Solid Energy had told the council the risk of subsidence from the old Wairaki 3 mine works, which lie under the northern side of the township, was "very minimal", he said, since subsidence normally occurred in the first few years, but they would continue working together to examine it.

After an unrelated survey of 2 km of pipes was completed, Council Chief executive Dave Adamson said overall, the survey work did not highlight any areas that may cause significant immediate concern. "Now that we have some good information on the condition of the pipes it will allow us to plan better for the long term. It needs to be made clear the purpose of the survey was to determine the condition and remaining life of the pipes, it was not to prove or disprove the existence of a subsidence issue or problem." "However, any subsidence would have been obvious during the camera survey", Mr Adamson said.

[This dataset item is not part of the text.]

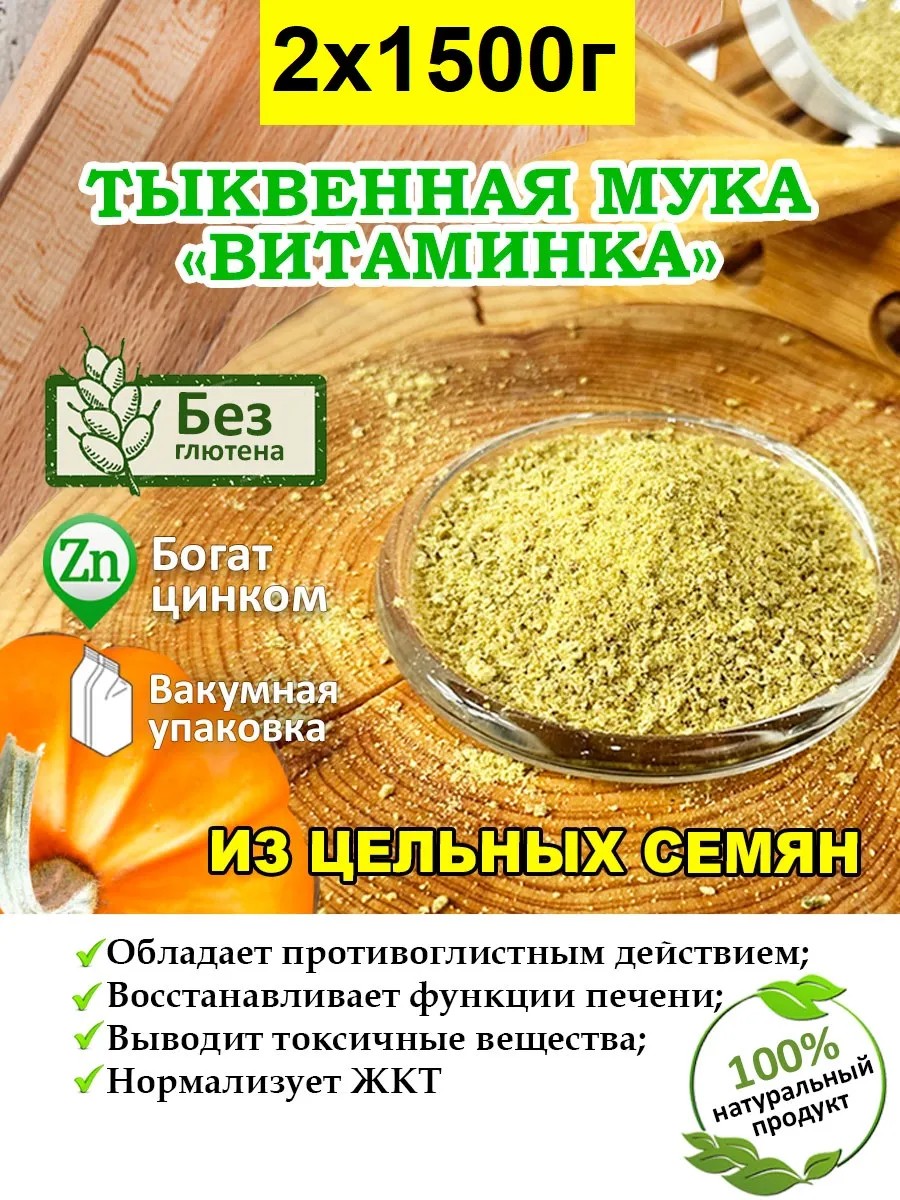 | Комплектация | Мука из семян тыквы 1500 грамм в вакуумном пакете - 1 шт |

Ohai CDA chairman John Hogg said he had not heard of houses or gardens subsiding in the township. Council chief executive Dave Adamson said he had asked staff to look at the problem, but many old mining towns in New Zealand had tunnels underneath them. "As far as I know we haven't had any direct reports of subsidence issues to date," he said. However, going public with the potential subsidence issue was not welcomed by some in Ohai. One of the CDA members who resigned, said he was unhappy another CDA member had gone to the Southland Times,(Regional Newspaper).